┌────────
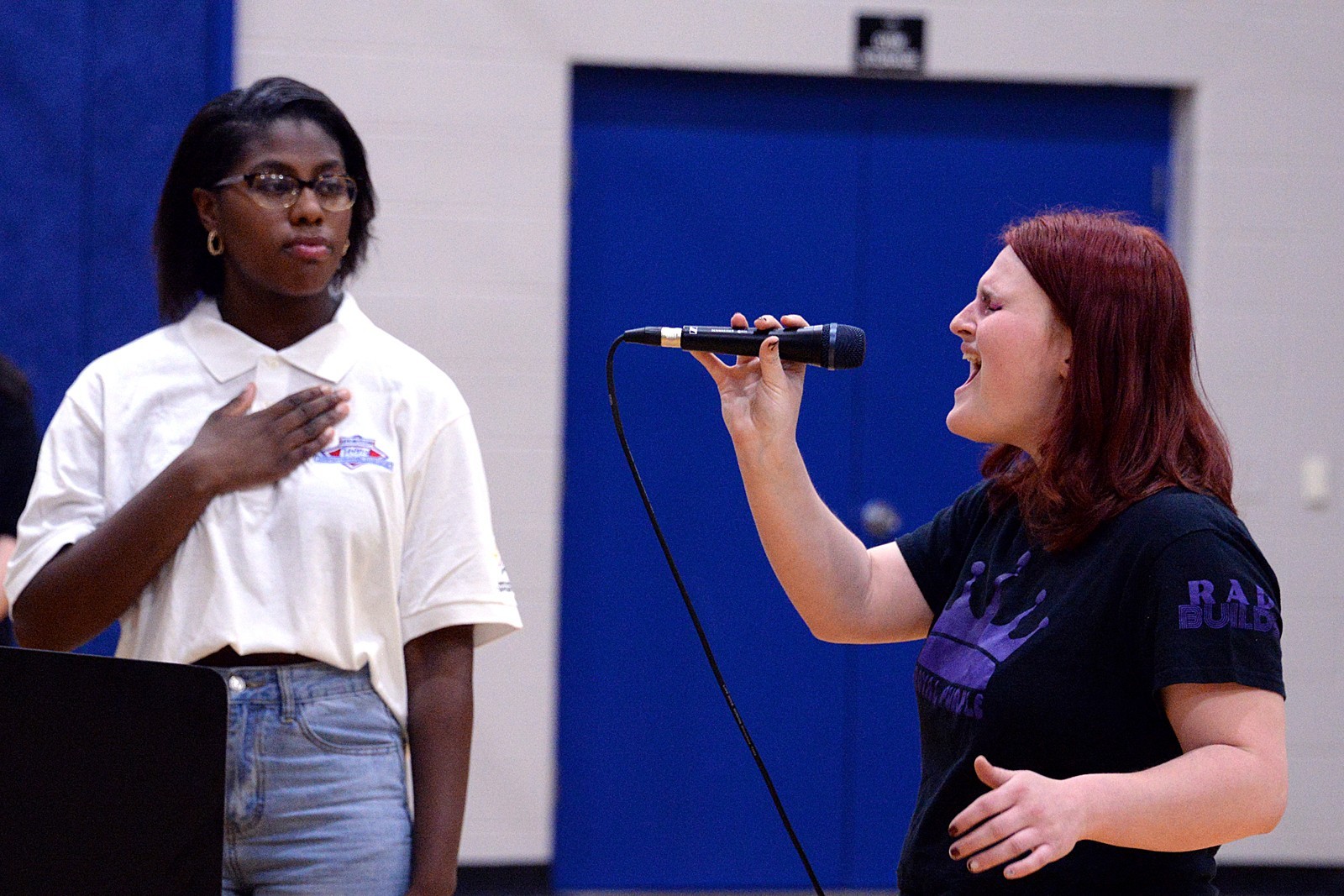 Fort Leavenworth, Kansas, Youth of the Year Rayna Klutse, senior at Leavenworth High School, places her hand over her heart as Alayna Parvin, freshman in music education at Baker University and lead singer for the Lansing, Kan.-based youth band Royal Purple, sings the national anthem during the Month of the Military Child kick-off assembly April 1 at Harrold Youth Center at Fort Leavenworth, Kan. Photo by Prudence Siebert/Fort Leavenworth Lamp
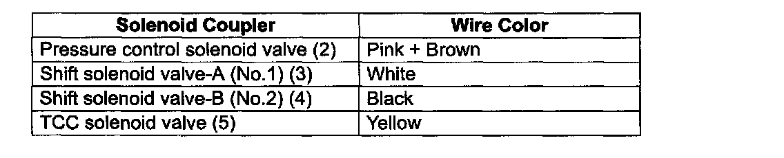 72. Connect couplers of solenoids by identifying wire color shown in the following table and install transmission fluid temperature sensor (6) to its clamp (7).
└────────
┌────────
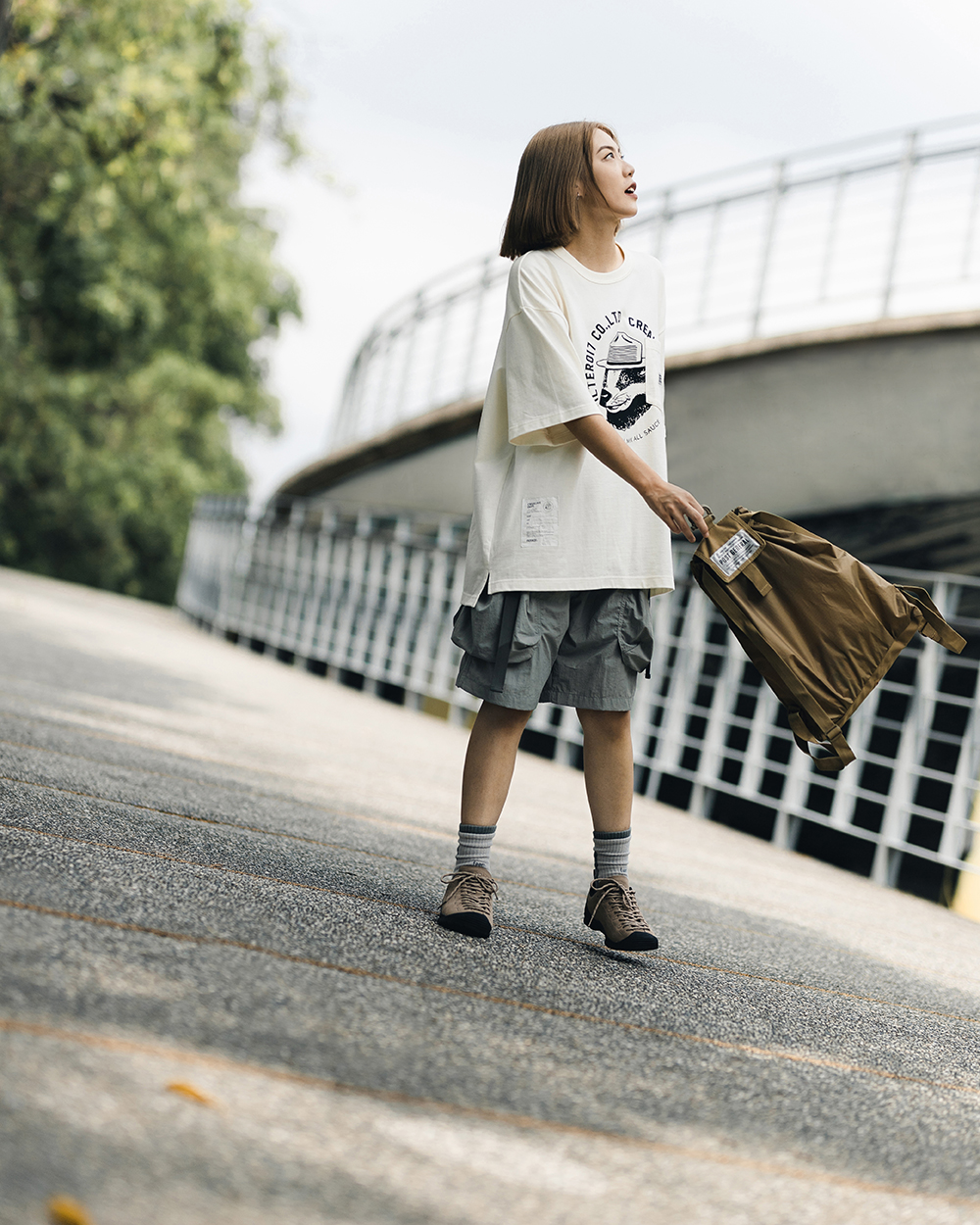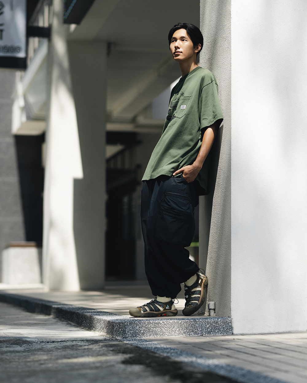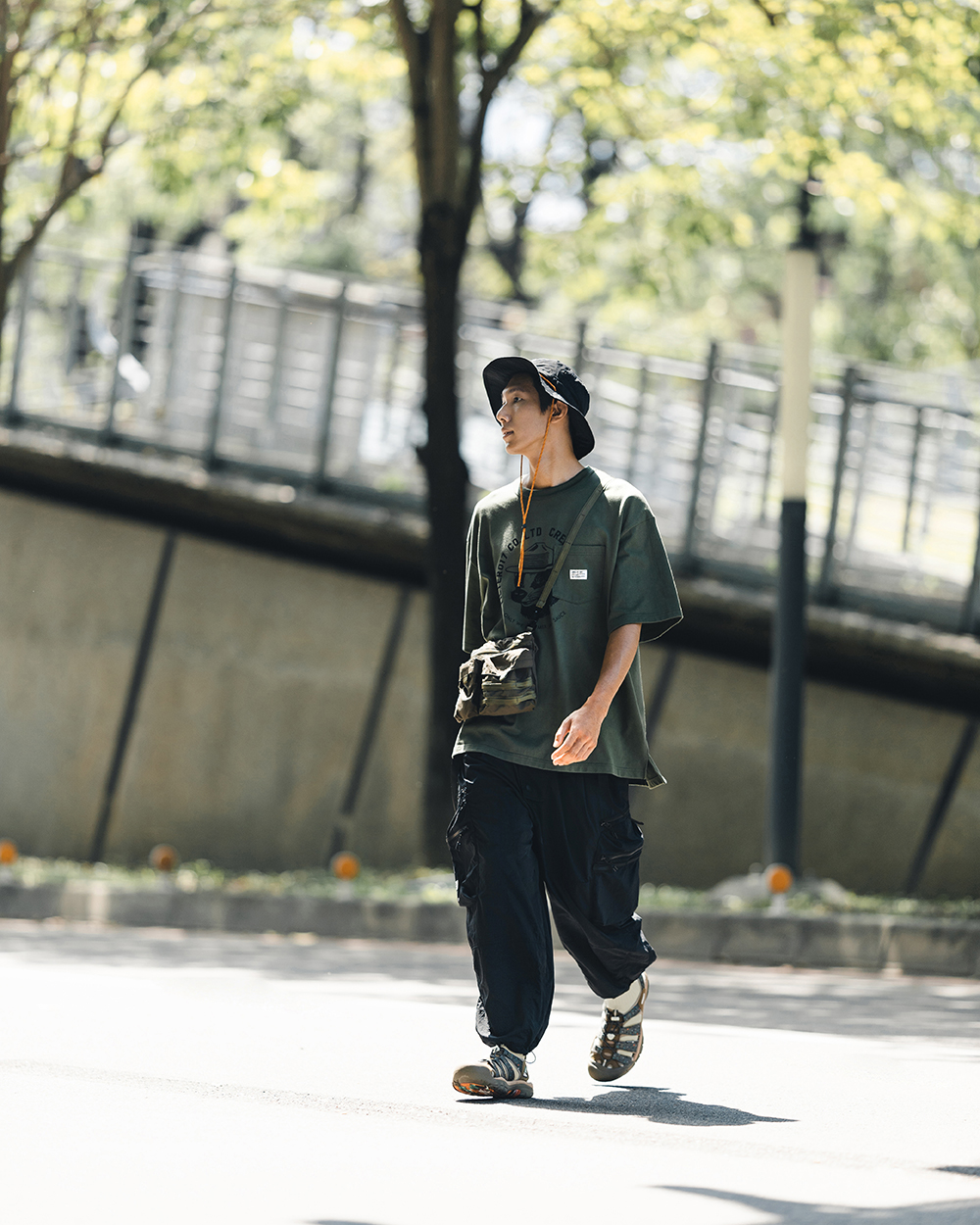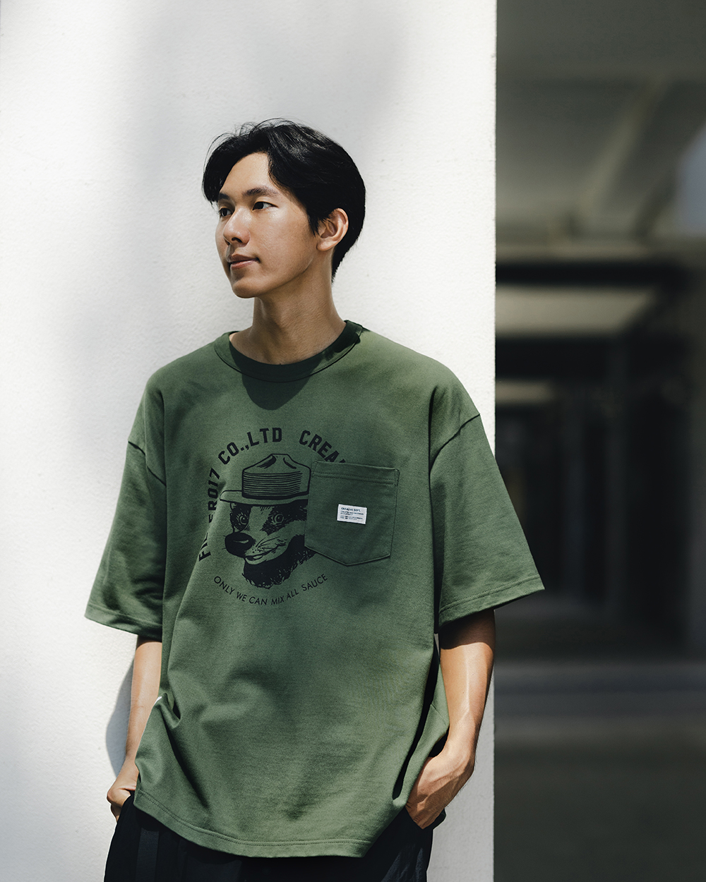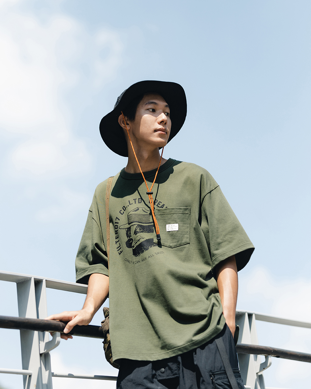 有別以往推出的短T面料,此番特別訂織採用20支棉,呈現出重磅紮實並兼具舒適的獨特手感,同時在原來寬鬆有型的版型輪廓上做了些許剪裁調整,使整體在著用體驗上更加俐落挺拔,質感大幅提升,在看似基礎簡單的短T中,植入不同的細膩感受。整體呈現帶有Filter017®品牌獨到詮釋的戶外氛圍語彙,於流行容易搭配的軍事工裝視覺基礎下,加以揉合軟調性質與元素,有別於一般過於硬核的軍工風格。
└────────
ASSIGNED TASK.
Nothing but the lines from the one with "Fort Leavenworth, Kansas, Youth" to the one with "72. Connect couplers" above, both included, should be transcribed, exactly and without pictures.

REPLY.
 Fort Leavenworth, Kansas, Youth of the Year Rayna Klutse, senior at Leavenworth High School, places her hand over her heart as Alayna Parvin, freshman in music education at Baker University and lead singer for the Lansing, Kan.-based youth band Royal Purple, sings the national anthem during the Month of the Military Child kick-off assembly April 1 at Harrold Youth Center at Fort Leavenworth, Kan. Photo by Prudence Siebert/Fort Leavenworth Lamp
 72. Connect couplers of solenoids by identifying wire color shown in the following table and install transmission fluid temperature sensor (6) to its clamp (7).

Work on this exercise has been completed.